For the entries below, repeat exactly each line starting with the one that contains "The full Easter" and going on through the one that contains "ANEL GRANDE GOTA", and no others.

--------------------------------

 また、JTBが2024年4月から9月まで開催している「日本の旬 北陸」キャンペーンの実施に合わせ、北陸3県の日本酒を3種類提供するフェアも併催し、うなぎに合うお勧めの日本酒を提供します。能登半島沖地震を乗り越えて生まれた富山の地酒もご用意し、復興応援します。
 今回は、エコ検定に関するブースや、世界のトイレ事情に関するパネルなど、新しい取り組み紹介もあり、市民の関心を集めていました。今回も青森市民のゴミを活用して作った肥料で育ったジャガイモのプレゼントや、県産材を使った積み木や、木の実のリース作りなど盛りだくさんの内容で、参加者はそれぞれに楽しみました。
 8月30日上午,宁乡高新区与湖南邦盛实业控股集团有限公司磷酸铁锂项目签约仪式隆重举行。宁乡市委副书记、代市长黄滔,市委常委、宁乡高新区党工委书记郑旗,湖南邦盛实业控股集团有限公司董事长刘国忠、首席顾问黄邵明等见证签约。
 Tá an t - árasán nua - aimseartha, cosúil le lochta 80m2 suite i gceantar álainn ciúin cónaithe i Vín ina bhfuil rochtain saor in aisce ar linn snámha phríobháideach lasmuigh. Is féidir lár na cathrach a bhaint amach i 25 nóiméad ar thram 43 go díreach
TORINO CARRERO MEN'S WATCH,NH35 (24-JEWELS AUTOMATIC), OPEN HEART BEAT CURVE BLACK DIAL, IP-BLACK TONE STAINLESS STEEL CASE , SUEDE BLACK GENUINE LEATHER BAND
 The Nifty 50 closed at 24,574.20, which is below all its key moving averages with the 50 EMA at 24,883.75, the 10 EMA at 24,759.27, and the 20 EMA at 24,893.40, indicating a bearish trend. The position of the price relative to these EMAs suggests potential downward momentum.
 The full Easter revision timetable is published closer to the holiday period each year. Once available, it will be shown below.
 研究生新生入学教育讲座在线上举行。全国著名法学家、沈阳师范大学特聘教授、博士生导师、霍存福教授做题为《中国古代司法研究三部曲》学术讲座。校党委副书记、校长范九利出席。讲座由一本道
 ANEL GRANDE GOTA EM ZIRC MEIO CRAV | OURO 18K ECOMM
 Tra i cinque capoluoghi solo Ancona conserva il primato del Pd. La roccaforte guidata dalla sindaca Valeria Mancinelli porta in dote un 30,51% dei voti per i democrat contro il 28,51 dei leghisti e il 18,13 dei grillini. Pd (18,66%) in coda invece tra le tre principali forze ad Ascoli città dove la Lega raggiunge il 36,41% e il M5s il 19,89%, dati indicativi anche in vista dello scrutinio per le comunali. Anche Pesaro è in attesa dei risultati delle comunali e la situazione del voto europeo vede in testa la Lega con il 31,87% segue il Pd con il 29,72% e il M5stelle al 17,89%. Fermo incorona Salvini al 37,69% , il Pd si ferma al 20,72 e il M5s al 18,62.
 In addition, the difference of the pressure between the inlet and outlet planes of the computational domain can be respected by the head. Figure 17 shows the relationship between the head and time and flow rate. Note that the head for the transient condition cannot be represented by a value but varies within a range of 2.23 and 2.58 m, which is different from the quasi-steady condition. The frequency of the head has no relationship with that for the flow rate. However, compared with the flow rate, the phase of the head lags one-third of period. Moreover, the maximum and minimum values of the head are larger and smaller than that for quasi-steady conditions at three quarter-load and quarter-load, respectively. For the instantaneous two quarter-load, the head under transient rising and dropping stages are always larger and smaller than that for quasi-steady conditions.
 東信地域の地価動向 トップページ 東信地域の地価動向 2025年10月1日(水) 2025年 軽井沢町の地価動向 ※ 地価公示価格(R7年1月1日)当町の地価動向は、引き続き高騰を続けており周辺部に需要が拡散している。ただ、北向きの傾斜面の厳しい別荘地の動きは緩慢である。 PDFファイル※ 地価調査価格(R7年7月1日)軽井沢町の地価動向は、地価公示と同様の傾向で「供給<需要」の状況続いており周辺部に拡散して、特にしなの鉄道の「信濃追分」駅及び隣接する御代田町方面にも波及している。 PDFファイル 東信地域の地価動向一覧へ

--------------------------------

• [Reply]:
 The full Easter revision timetable is published closer to the holiday period each year. Once available, it will be shown below.
 研究生新生入学教育讲座在线上举行。全国著名法学家、沈阳师范大学特聘教授、博士生导师、霍存福教授做题为《中国古代司法研究三部曲》学术讲座。校党委副书记、校长范九利出席。讲座由一本道
 ANEL GRANDE GOTA EM ZIRC MEIO CRAV | OURO 18K ECOMM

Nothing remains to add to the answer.